Analysis of N-terminal amino acid and microsequence

The purified l-iLDH was subjected to 12.5% SDS-PAGE for analysis. After electrophoresis, proteins in the gel were electrophoretically transferred to an Immobilon-PSQ PVDF membrane (Millipore) by using 25 mM Tris, 192 mM glycine, and 0.1% SDS as the cathode buffer, and 25 mM Tris, 192 mM glycine, and 20% methanol as the anode buffer. The bands on the PVDF membrane were excised, and sent to the Shanghai GeneCore BioTechnologies Co., Ltd., for N-terminal sequencing by automated Edman degradation.

For microsequencing of the internal peptides, the protein bands were cut from SDS-polyacrylamide gels and washed 3 times with water before being digested with trypsin. The resulting peptides were sent to the Shandong Academy of Medical Sciences for ESI-MS/MS.

Cloning of the l-iLDH encoding gene

The plasmids and primers used in this study are listed in Table 3. Degenerate primers P1, P2, and P3 were constructed according to the N-terminal and internal peptides resulting from the sequencing of P. stutzeri SDM l-iLDH. Primer P4 was constructed according to the conserved region of NAD-independent l-lactate dehydrogenase close to l-iLDH in Pseudomonas strains. The total genomic DNA of P. stutzeri SDM, extracted with the Wizard genomic DNA purification kit (Promega, Madison, WI), was used as the template for the first round of PCR with the primers P1 and P3. One microliter of the PCR products from the reaction mixture was used as the template for the second round of PCR with the primers P1 and P2. Using the genomic DNA of P. stutzeri SDM as the template, the third PCR was conducted with the primers P4 and P5. P5 was constructed according to the product of the second round of PCR. After sequencing of the three PCR products, the gene sequence of l-iLDH in P. stutzeri SDM was identified (Figure S8).
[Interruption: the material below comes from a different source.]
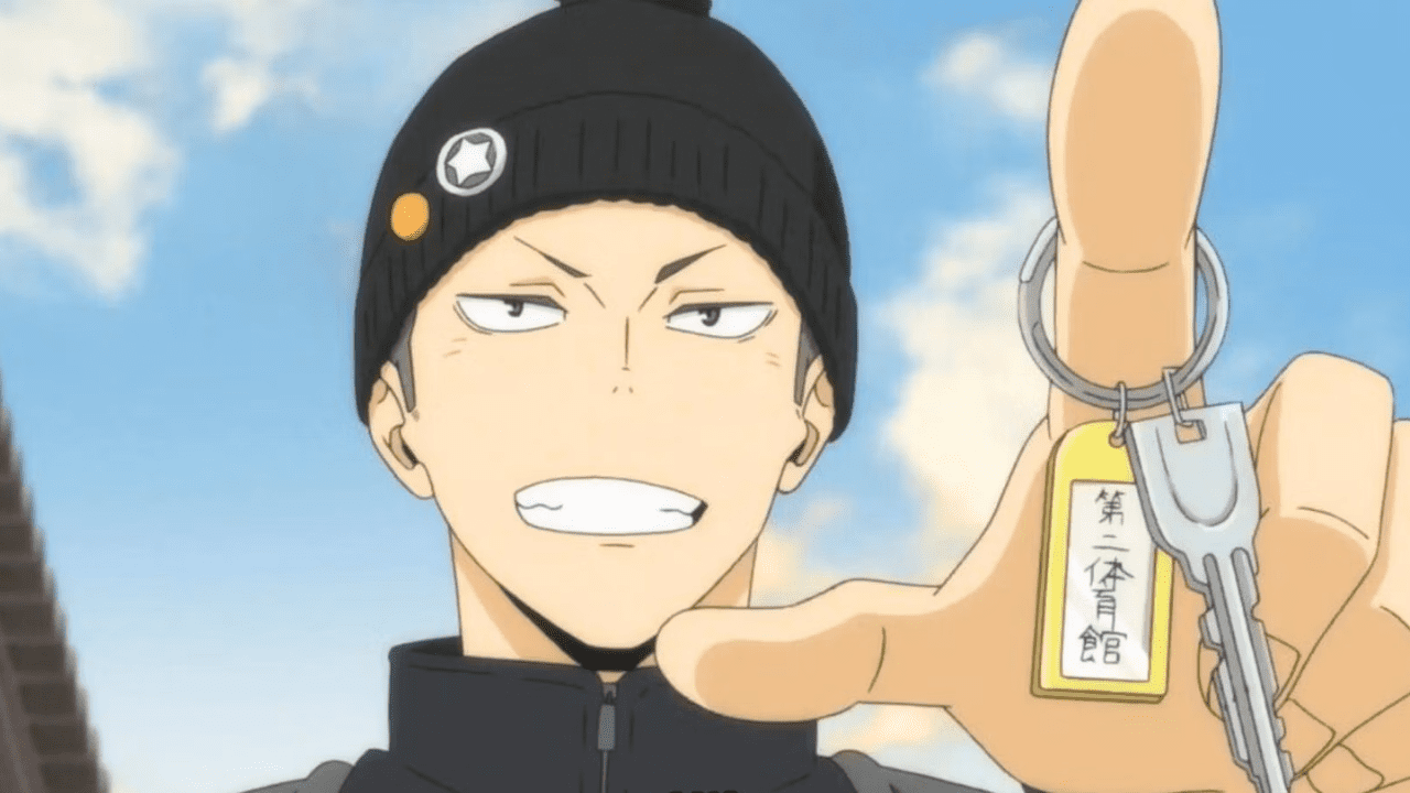 آساهی، آبشارزن قدرتی و ایس تیم والیبال دبیرستان کاراسونو، به عنوان نمونهای از شخصیت های اصلی انیمه هایکیو در این سریال حضور مییابد. در حالی که ظاهر آساهی توسط دیگران افراد خشن و ترسناک خطاب میشود، اما در واقع او شخصیتی مهربان است که آزارش به یک حشره کوچک نیز نمیرسد. این غول مهربان، گاهی اوقات از بیاعتماد به نفسی رنج برده و اجازه میدهد احساسات گناه پس از باخت مسابقات او را سرکوب کنند.

Table 3. The primers and plasmids used in this work.

Plasmid or primer Characteristics Source or reference
Plasmid
pK18mob Kmr; oriColE1 Mob+, lacZα; used for directed insertional disruption [40]
pK18moblldD Kmr; a pK18mob derivative containing an BamHI/HindIII 322bp internal fragment of the lldD gene from P. stutzeri SDM This study
pETDuet-1 Apr; vector for protein expression Novagen
pET-LDH pETDuet-1 with lldD gene of P. stutzeri SDM This study
pBSP II SK(–) Apr; broad-host-range expression vector [41]
pBSP II SKlldD Apr; pBSP II SK(–) with lldD gene of P. stutzeri SDM This study
pRK600 Cmr; oriColE1, RK2-Mob+, RK2-Tra+; helper plasmid for triparental matings [42]
Primer
P1 5′- ATGATCATTWSNGCNGC -3′ b This study
P2 5′- CGGCATRTCSACGGTGAASAC -3′ b This study
P3 5′- GATGCCRTCSGCGCCGAAGGT -3′ b This study
P4 5′- GCGCGCCGTCGGCGCGGATTTC -3′ This study
P5 5′- CCAGCATCGCCCTGCGCCAG -3′ This study
Pc1 5′- GGCAAGCTTATGATCATTTCCGCCTCTACC -3′ c This study
Pc2 5′- ATTCTCGAGTCAGACGTCAGCAGACGTTGT -3′ c This study
MF 5′- GCGAAGCTTTAACATGTCGGAACTCAGCC -3′ c This study
MR 5′- ATAGGATCCGGTGGGCATGTCGACGGTGA -3′ c This study
CF 5′- CCGGTACCATGATCATTTCTGCTTCCACG -3′ c This study
CR 5′- CTGAGCTCTCAGACGTCAGCAGACGTTGT -3′ c This study
a

Kmr, Apr, and Cmr indicate resistance to kanamycin, ampicillin, and chloramphenicol, respectively.

b

W stands for one of A or T, S stands for one of C or G, R stands for one of A or G, and N stands for A, C, G, or T.

c

HindIII, XhoI, BamHI, KpnI and SacI restriction sites introduced in the primers are underlined.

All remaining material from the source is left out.